In 1982 Greg Hersov directed a production at the Royal Exchange, Manchester with Jonathan Hackett as Randle McMurphy, Linda Marlowe as Nurse Ratched and Tim McInnerny as Billy Bibbitt. In April 1988, the Playhouse Theatre was the site for the first London production of One Flew Over the Cuckoo's Nest. The play was brought to the London stage by Cuckoo Productions, formed by Diane Hilton, Karin Parnaby, and Judy Kershaw. They raised £100,000 in 24 hours to bring the play to the London theatre. In 2001, the Steppenwolf Theatre Company produced a Broadway revival, winning the Tony Award for Best Play Revival. This production was directed by Terry Kinney and starred Gary Sinise, Amy Morton, Tim Sampson (playing Chief, his father Will Sampson's role in the film version), Eric Johner, and Ross Lehman.

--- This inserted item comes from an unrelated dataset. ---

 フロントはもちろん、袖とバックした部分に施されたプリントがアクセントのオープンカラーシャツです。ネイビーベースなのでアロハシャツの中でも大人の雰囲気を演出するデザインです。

In 2004, Guy Masterson and Nica Burns mounted a production at the Edinburgh Fringe Festival with Christian Slater, Mackenzie Crook and Frances Barber and a cast of comedians including Owen O'Neill. Masterson famously resigned as director & co-producer just prior to opening citing "ill health" and the production was finally delivered by Terry Johnson and Tamara Harvey. The show was a huge box office hit and transferred to London's Gielgud Theatre where it ran for over 20 weeks. This production was itself revived in 2006 with Alex Kingston taking over the role of Nurse Ratched. It then toured the UK in 2007 with Shane Richie playing McMurphy and Sophie Ward as Nurse Ratched.

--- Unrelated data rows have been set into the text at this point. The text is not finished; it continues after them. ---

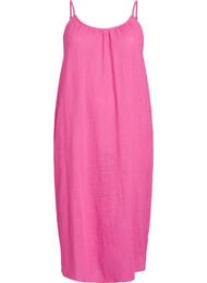 Zomerse en eenvoudige jurk met bandjes, gemaakt van luchtige katoenen stof met textuur. De midi-jurk heeft een losse pasvorm, ruches langs de halslijn aan de voorkant en verstelbare spaghettibandjes.
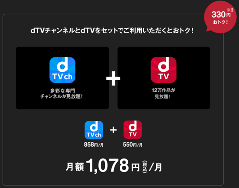 月額550円で12万作品が見放題の「dTV」と「dTVチャンネル」をセットで利用すると月額1,078円(税込)になるので、月ごとに330円得することになります。
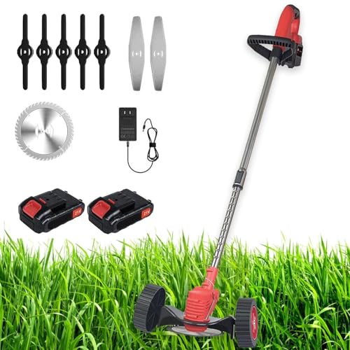 YQDDM Désherbeur électrique sans fil avec 3 types de lames et roues amovibles, débroussailleuse sans fil à piles pour pelouse, cour, jardin
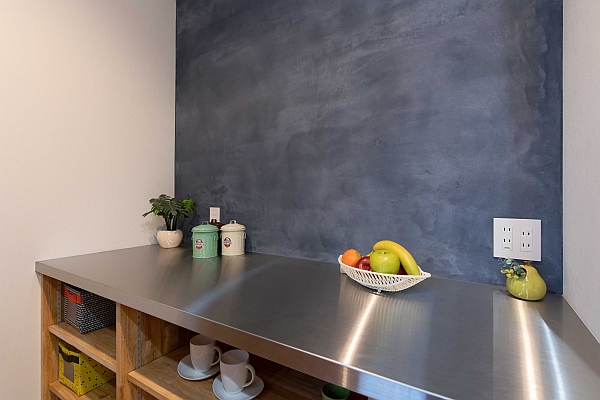 キッチンの背面カウンターです。カウンターはステンレス製、壁はモルタル仕上げです。プロの厨房っぽい仕上がりになりました。

A production of the play was staged by London's Tower Theatre Company from 23 to 27 October 2012 at Upstairs at the Gatehouse, Highgate, London. In 2018, After Hours Theatre Company in Los Angeles created an immersive version of the work. The Oregon State Hospital was recreated in a 7,000 sq. ft. warehouse in Burbank. Each audience member was provided a costume and a patient wristband. During the immersive pre-show, audience members were tasked with finding clues as to why they have been admitted to the hospital that eventually led them to join the patient revolution. This production was nominated for six Ovation Awards, including a win for Best Lighting Design, Intimate Theatre.

In 2022, an Australian adaptation of Dale Wasserman's play, directed by Chris McRae was created by Luke Miller, McRae and Samuel Yombich Pilot-Kickett, and performed by Darlington Theatre Players in Perth, Western Australia. The adaptation recontextualised the play to 1960s Australia, with the reimagining of the "Chief" Bromden character as a local Aboriginal man, as well as some adjustment of language to fit the Australian idiom. The production included musical composition by Kieran Ridgway, with the inclusion of didgeridoo and didgeribone as part of the underscoring to reflect the new setting.

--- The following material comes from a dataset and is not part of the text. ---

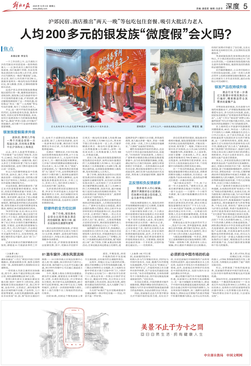 解放日报(版面头条):沪郊民宿、酒店推出“两天一晚”等包吃包住套餐,吸引大批活力老人 人均200多元的银发族“微度假”会火吗?

A new production of the play directed by Clint Dyer and starring Aaron Pierre and Giles Terera is set to open at the Old Vic Theatre in London in April 2026.

==Awards and nominations==

===2001 Broadway revival===

| Year | Award | Category | Nominee | Result |
| 2001 | Tony Award | Best Revival of a Play |  | Won |
| Best Performance by a Leading Actor in a Play | Gary Sinise | Nominated |
| Drama Desk Award | Outstanding Revival of a Play |  | Nominated |
| Outer Critics Circle Award | Outstanding Revival of a Play |  | Won |
| Drama League Award | Distinguished Production of a Revival |  | Won |

== See also ==
- One Flew Over the Cuckoo's Nest (novel)
- One Flew Over the Cuckoo's Nest (film)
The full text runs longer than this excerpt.